▶ [WORK INSTRUCTION]:
Among the lines below, the one containing "на 200-летнем дубе" opens the range and the one containing "道路上の車両や障害物、歩行者" closes it. Print that range exactly, without the pictures.

(Stored items from a collection)

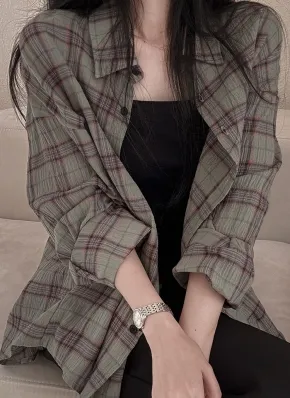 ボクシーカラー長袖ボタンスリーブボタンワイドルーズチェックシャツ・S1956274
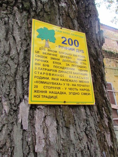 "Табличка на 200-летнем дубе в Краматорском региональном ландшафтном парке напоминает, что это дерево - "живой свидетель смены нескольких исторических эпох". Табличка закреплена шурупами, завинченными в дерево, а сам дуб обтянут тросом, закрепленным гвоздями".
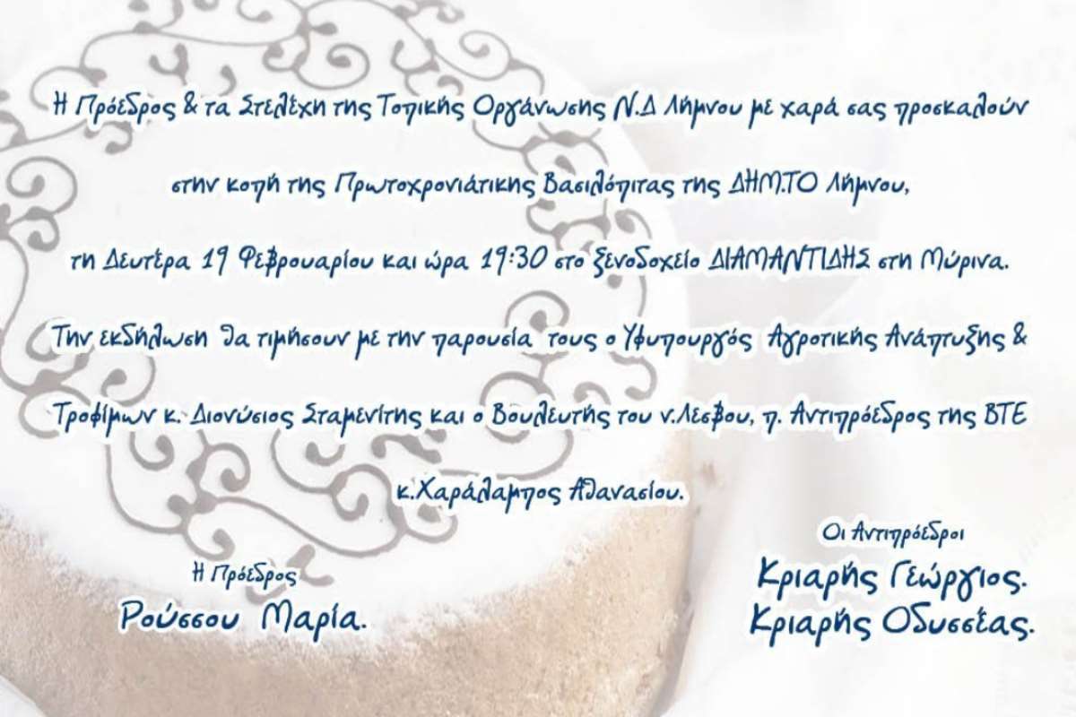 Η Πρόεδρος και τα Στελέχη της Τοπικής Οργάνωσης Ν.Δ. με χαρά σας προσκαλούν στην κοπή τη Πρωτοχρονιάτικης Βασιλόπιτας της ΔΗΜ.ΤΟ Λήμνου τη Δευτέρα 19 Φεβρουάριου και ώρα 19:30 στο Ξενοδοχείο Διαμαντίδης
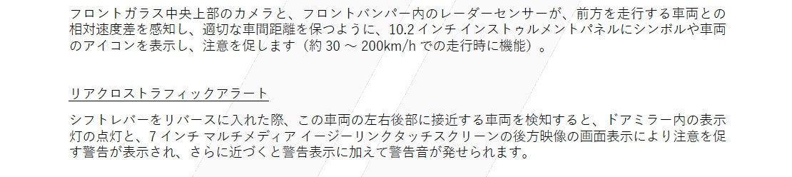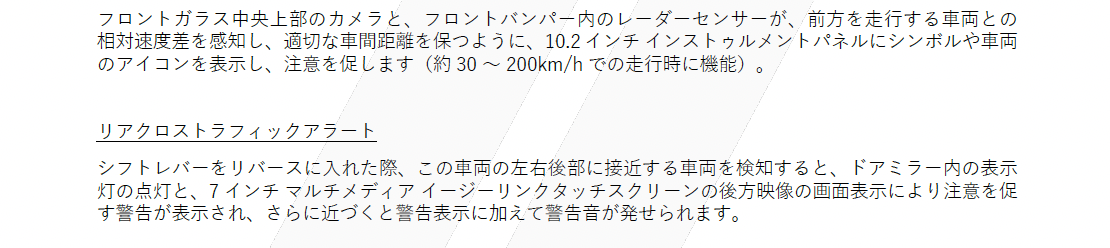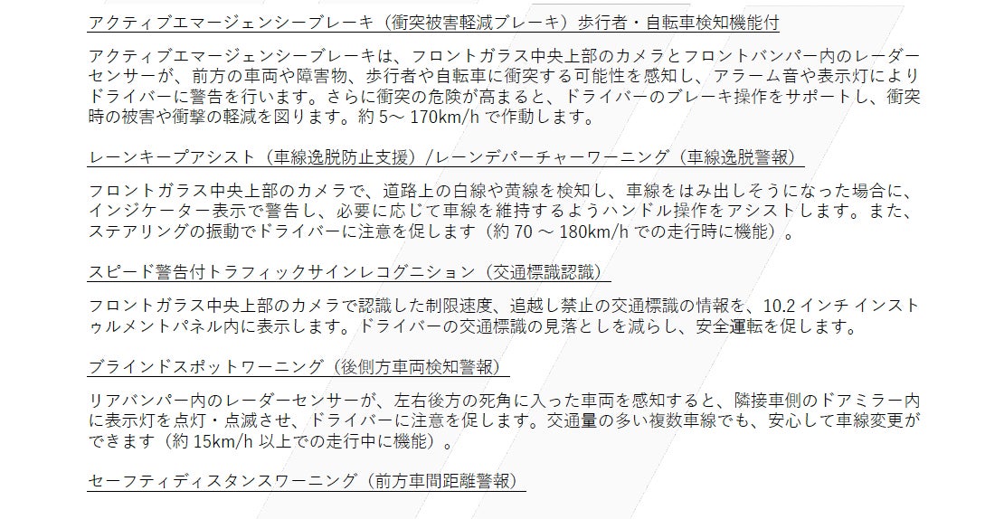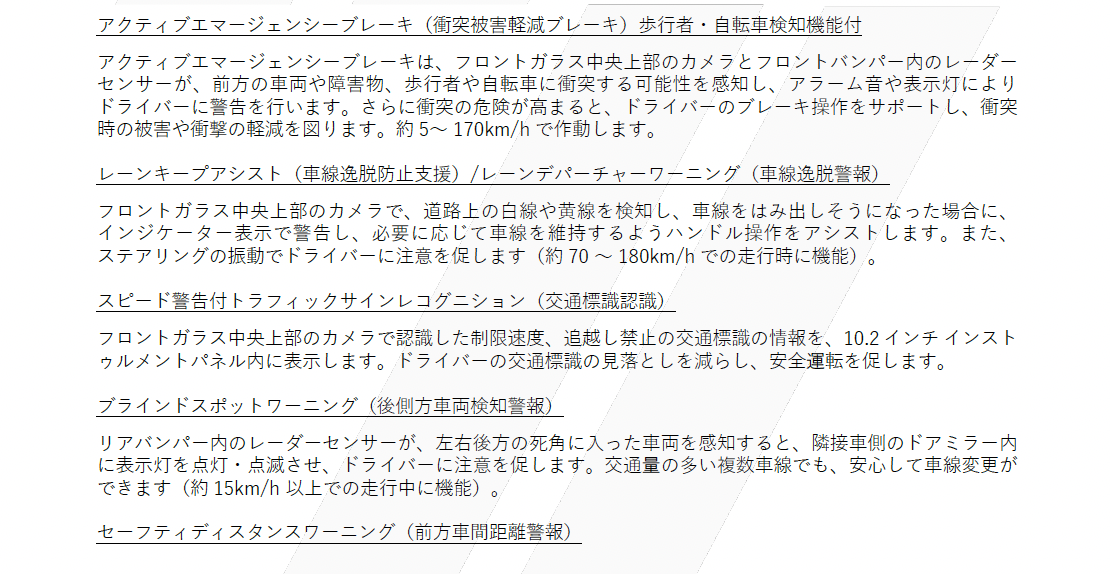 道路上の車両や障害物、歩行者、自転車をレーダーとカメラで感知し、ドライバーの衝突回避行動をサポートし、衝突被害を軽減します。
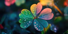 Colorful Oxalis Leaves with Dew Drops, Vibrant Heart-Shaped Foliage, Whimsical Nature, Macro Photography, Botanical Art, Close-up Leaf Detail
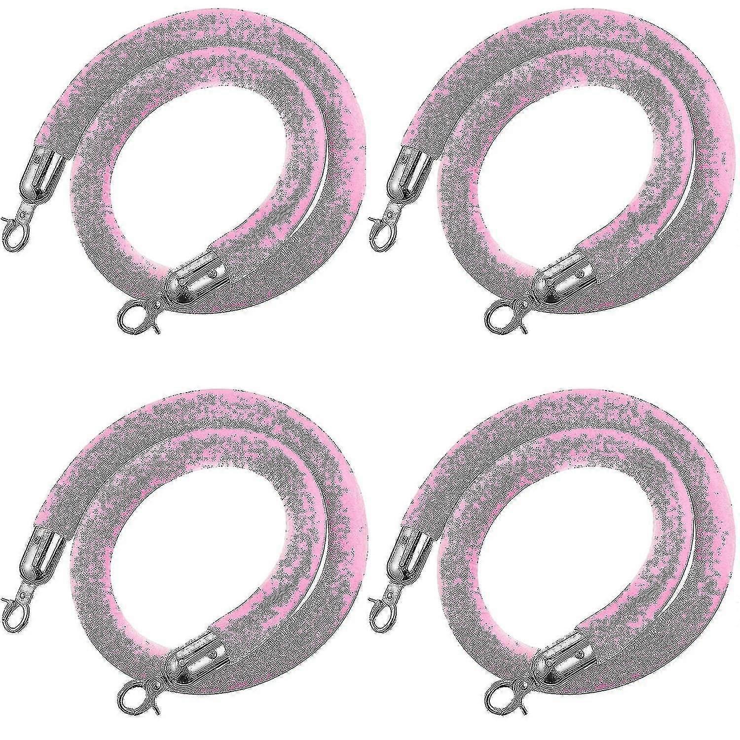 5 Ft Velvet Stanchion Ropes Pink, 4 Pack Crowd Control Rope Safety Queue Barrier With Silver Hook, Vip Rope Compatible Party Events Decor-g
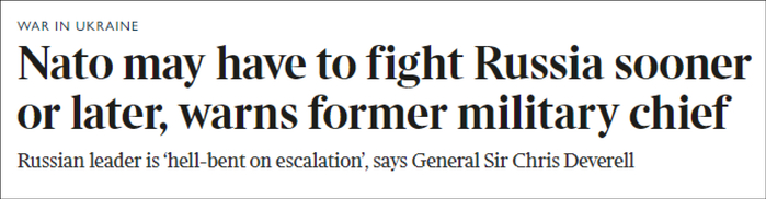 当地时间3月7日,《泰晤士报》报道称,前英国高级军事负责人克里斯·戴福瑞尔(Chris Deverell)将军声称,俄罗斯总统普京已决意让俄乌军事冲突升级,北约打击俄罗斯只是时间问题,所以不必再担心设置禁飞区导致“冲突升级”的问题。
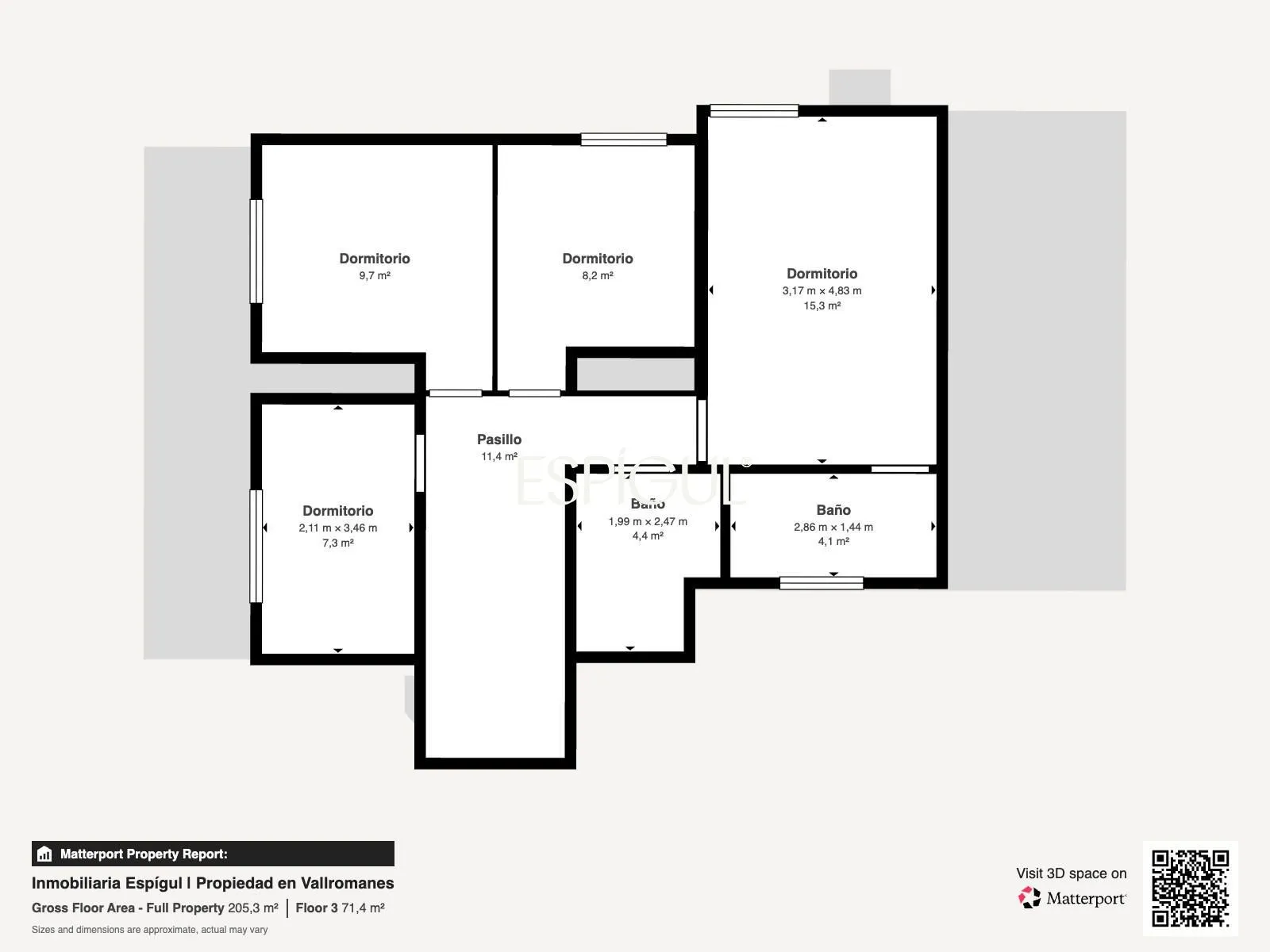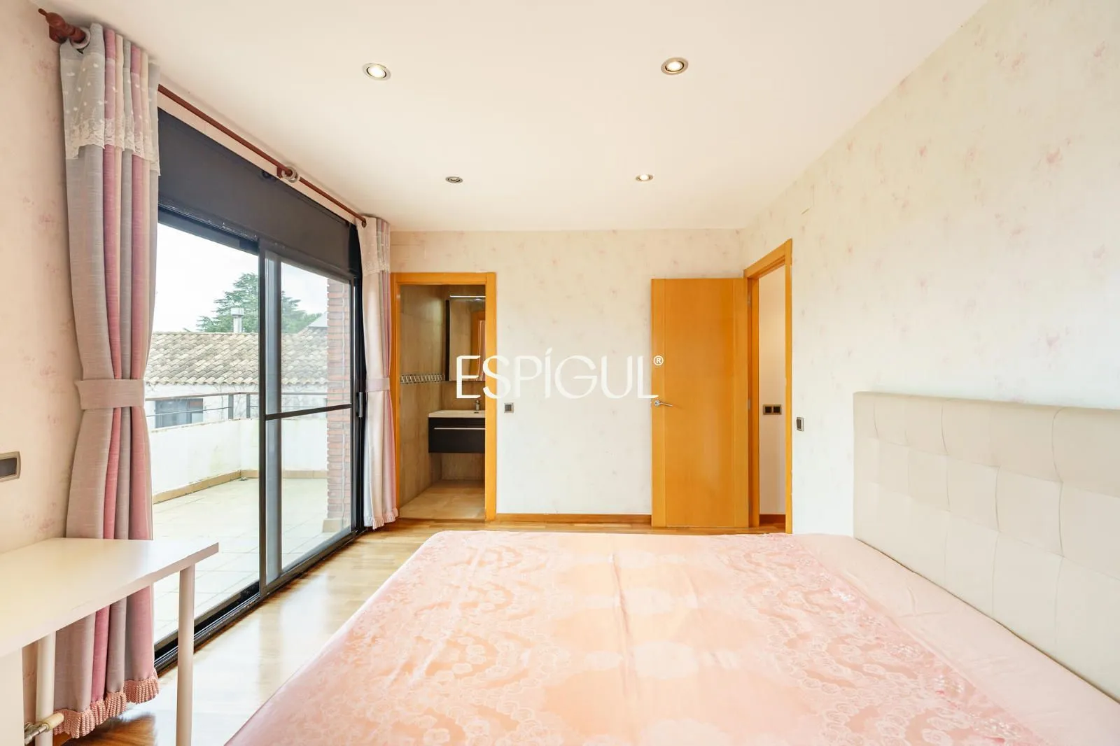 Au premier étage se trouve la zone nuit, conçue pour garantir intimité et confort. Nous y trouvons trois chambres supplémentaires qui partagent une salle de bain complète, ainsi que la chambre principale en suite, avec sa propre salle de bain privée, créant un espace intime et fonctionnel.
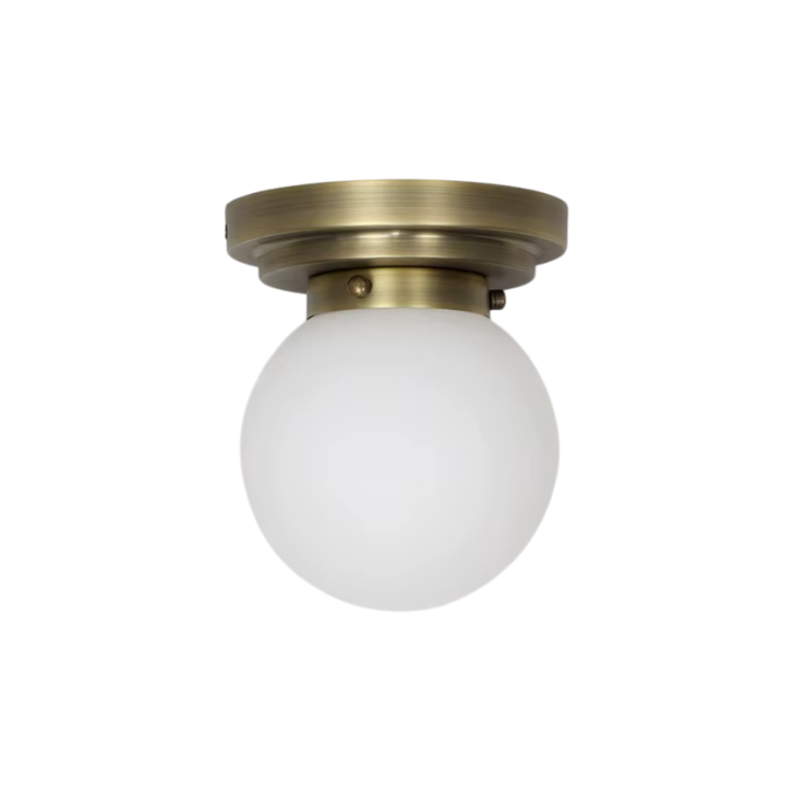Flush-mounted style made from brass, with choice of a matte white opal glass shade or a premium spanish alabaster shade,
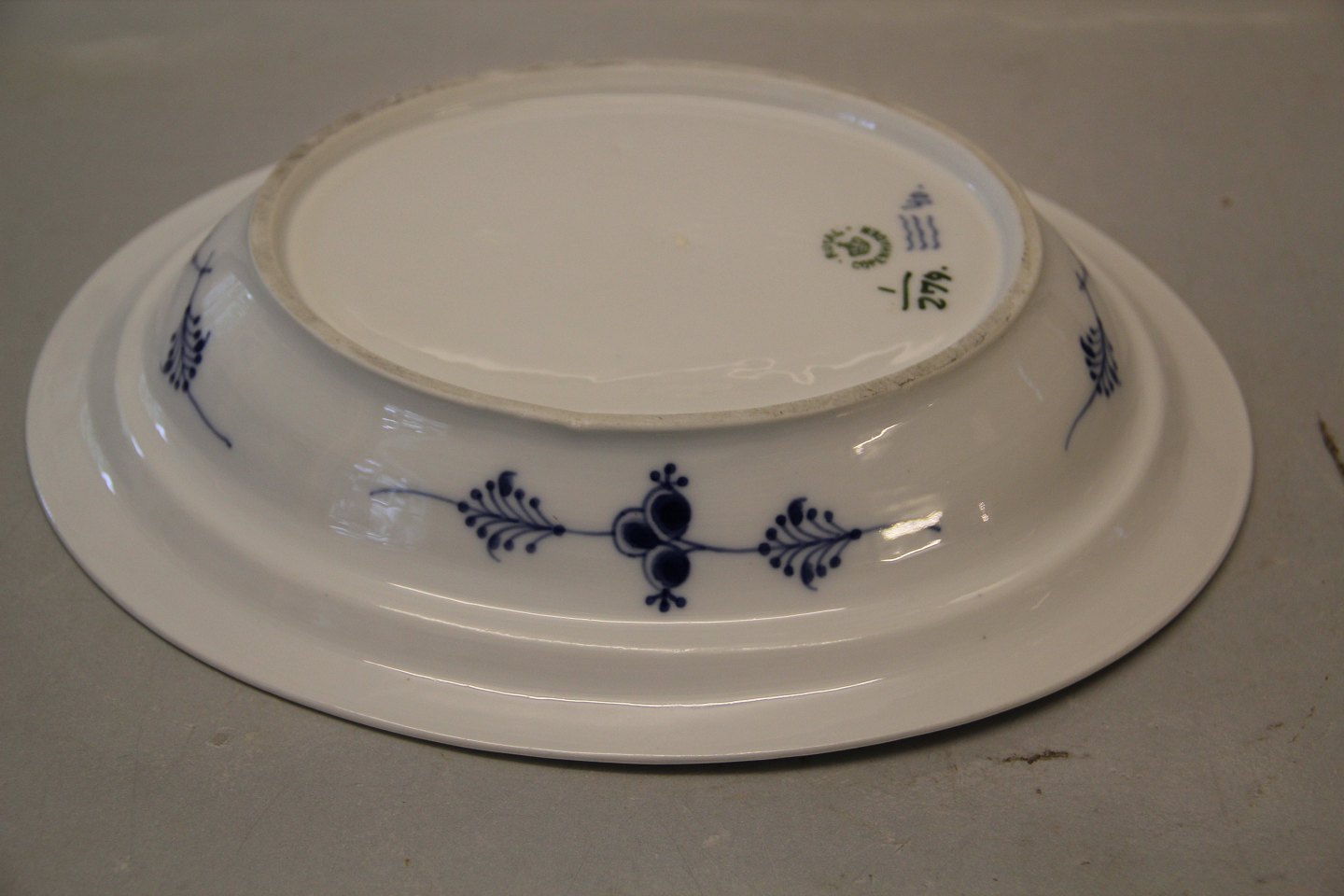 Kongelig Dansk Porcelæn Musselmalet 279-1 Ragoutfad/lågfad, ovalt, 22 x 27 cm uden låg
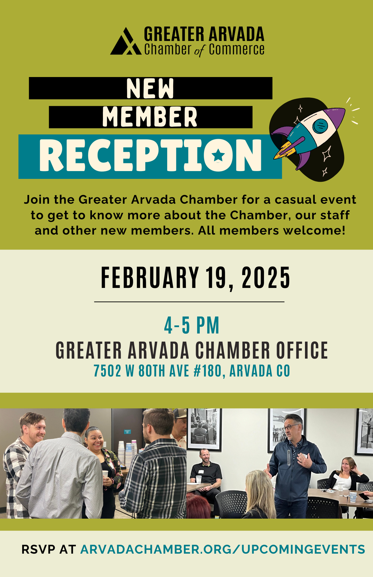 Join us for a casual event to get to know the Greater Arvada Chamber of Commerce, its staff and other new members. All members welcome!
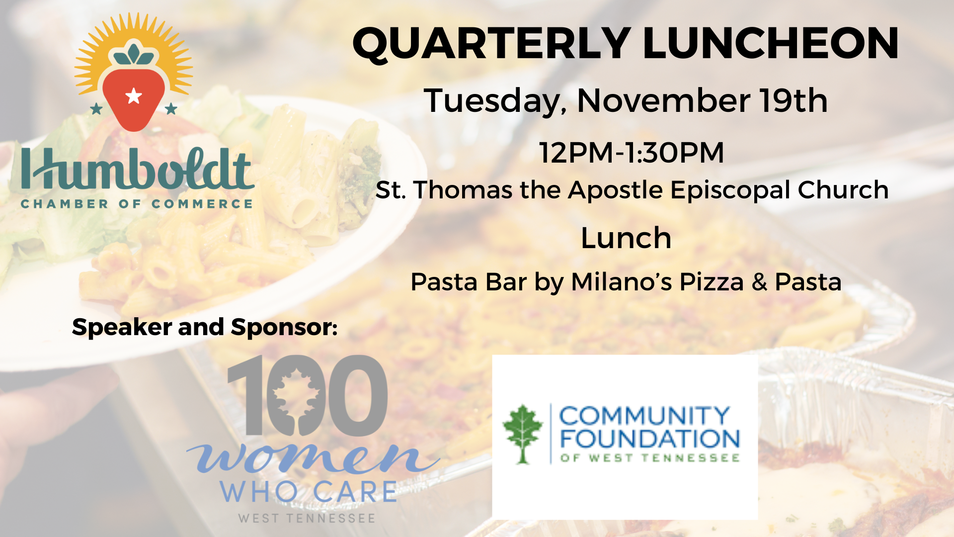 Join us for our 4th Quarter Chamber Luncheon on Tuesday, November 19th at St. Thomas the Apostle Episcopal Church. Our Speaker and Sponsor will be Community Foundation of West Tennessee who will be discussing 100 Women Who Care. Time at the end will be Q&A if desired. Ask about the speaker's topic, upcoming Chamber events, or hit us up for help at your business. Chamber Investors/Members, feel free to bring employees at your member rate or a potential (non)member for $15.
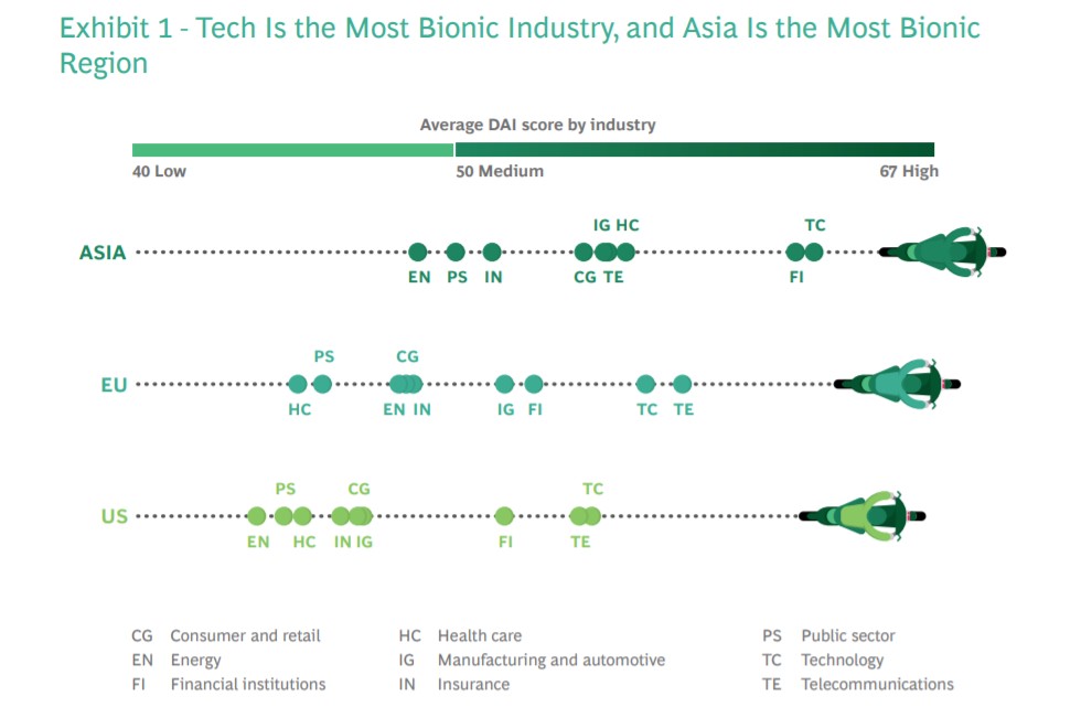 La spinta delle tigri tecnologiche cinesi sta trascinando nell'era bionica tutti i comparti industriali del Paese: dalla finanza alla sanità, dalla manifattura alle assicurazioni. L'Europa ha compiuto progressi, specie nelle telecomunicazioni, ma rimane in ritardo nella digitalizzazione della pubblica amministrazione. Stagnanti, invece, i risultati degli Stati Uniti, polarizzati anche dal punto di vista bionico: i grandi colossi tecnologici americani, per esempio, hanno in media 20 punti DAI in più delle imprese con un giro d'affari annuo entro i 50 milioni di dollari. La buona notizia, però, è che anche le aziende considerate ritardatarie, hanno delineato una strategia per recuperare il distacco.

▶ [TASK RESPONSE]:
 "Табличка на 200-летнем дубе в Краматорском региональном ландшафтном парке напоминает, что это дерево - "живой свидетель смены нескольких исторических эпох". Табличка закреплена шурупами, завинченными в дерево, а сам дуб обтянут тросом, закрепленным гвоздями".
 Η Πρόεδρος και τα Στελέχη της Τοπικής Οργάνωσης Ν.Δ. με χαρά σας προσκαλούν στην κοπή τη Πρωτοχρονιάτικης Βασιλόπιτας της ΔΗΜ.ΤΟ Λήμνου τη Δευτέρα 19 Φεβρουάριου και ώρα 19:30 στο Ξενοδοχείο Διαμαντίδης
 道路上の車両や障害物、歩行者、自転車をレーダーとカメラで感知し、ドライバーの衝突回避行動をサポートし、衝突被害を軽減します。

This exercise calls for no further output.